I love how this turned out! I’m super proud of myself. As for the cake, Mary Berry would probably say it’s slightly overbaked, which made it a bit dry. My icing was also “higgledy piggledy” and I also iced a little too soon (before the cake was completely cooled). The flavor tastes lovely. The cherries add some moisture and the lemon keeps the cake from being overwhelmingly sweet.

The key to this challenge was the distribution of the cherries. Since the cake was fairly small, it seemed the cherries were spread throughout the levels of the batter. I’d say I’m still in the running this week, wouldn’t you?

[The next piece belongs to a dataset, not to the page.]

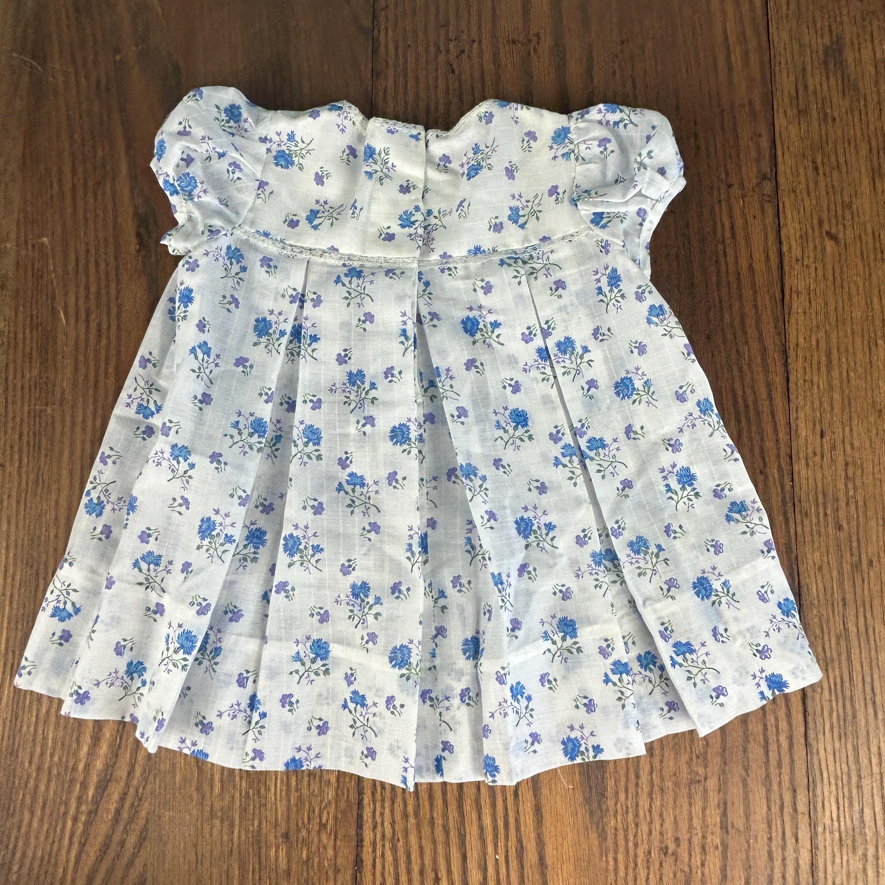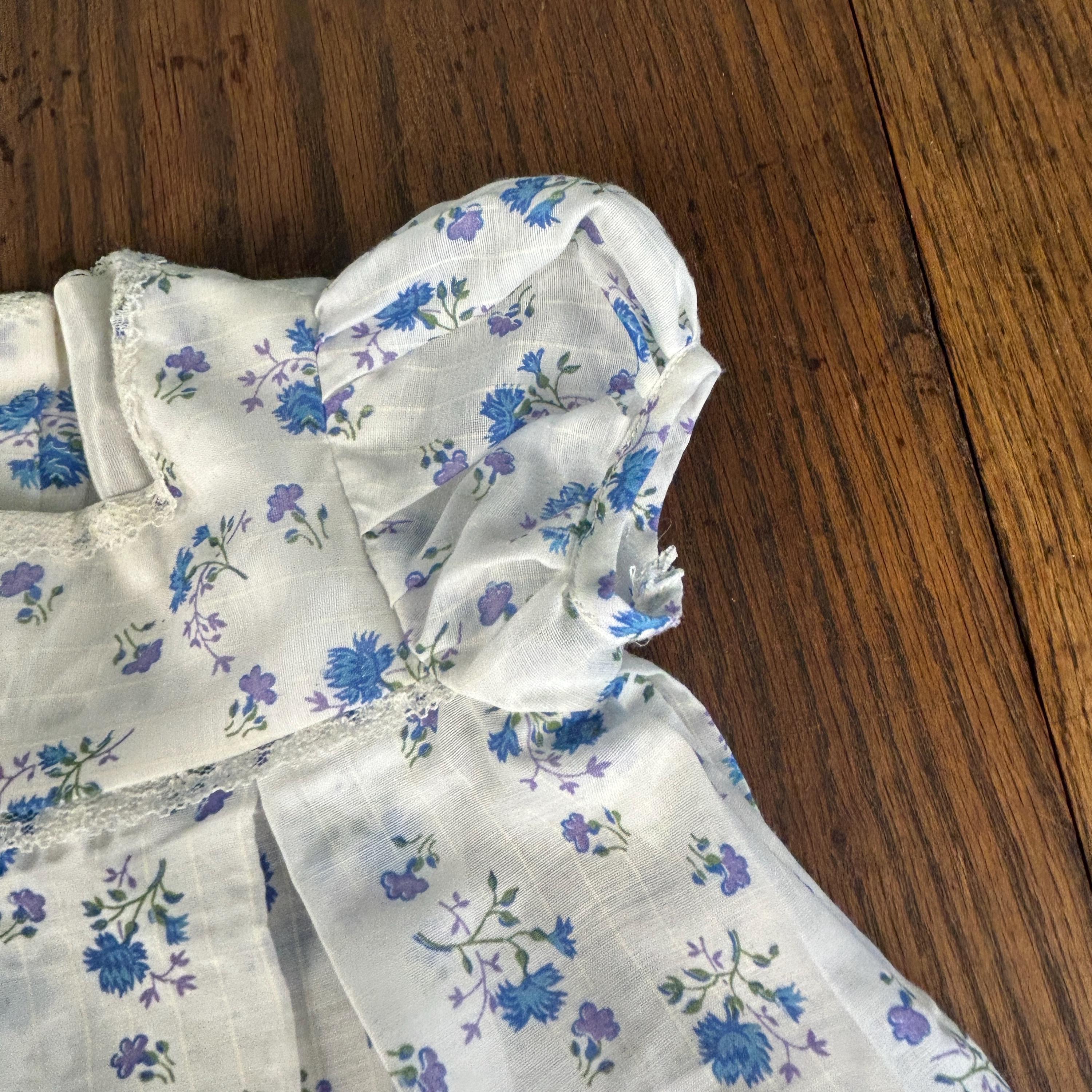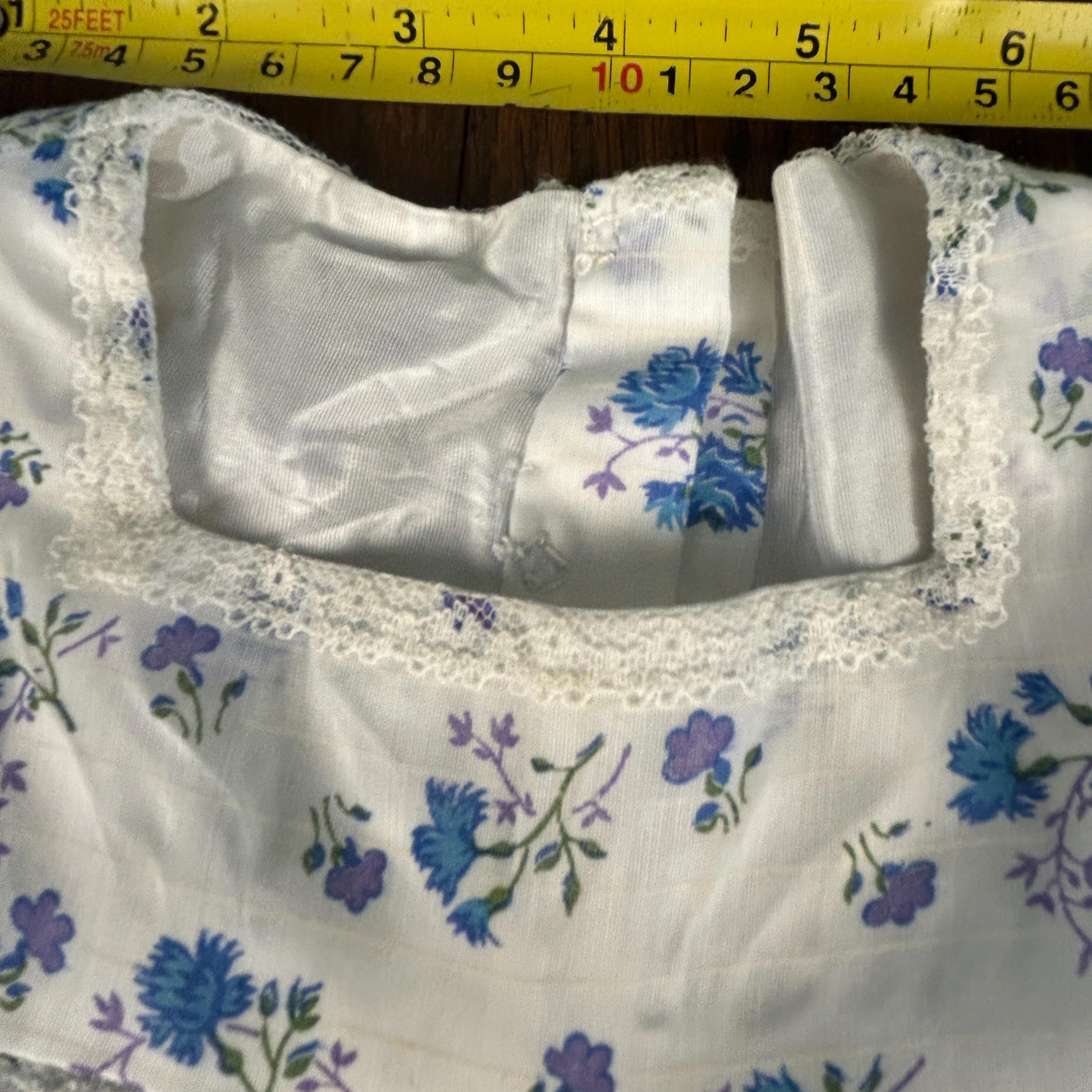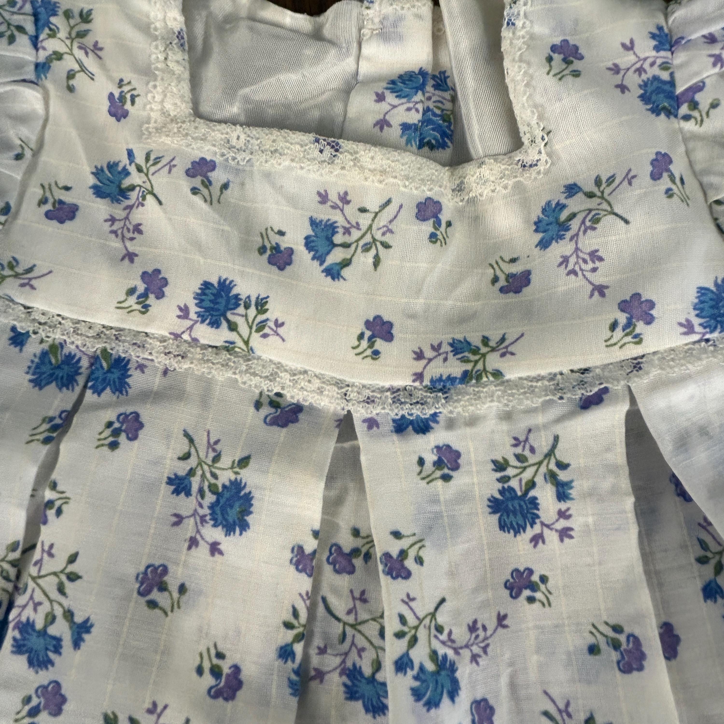 The fabric showcases a beautiful blue and lavender floral pattern, perfectly complementing the soft, feminine silhouette. The pleated skirt adds gentle structure and movement, while the snap closure at the back makes dressing easy and practical.

Week 1 Signature Challenge: Strawberry Champagne Swiss Roll

For their first bake, the contestants were required to make a Swiss Roll. As usual the signature bake should taste and look pretty. The Swiss roll is actually an Austrian sponge cake which has been filled with whipped cream, jam, or icing. The tricky part of this challenge is the roll. If not rolled correctly the cake will crack. Mary Berry and Paul Hollywood were particularly focused on the presentation of the spiral of filling and cake.

The Planning

I found some recipes for a Swiss roll on Pinterest. I have made a Swiss roll as a Yule Log before, so this won’t be entirely new to me. I found this recipe for a champagne cake roll. Now of course, I didn’t want to be too simple. A plan champagne cake with powdered sugar is not Baking Show worthy. I started brainstorming appearance ideas. That brought about the idea of pairing with champagne: chocolate and strawberries. I love the idea of a light cake with a sort of decadence in the flavor profile.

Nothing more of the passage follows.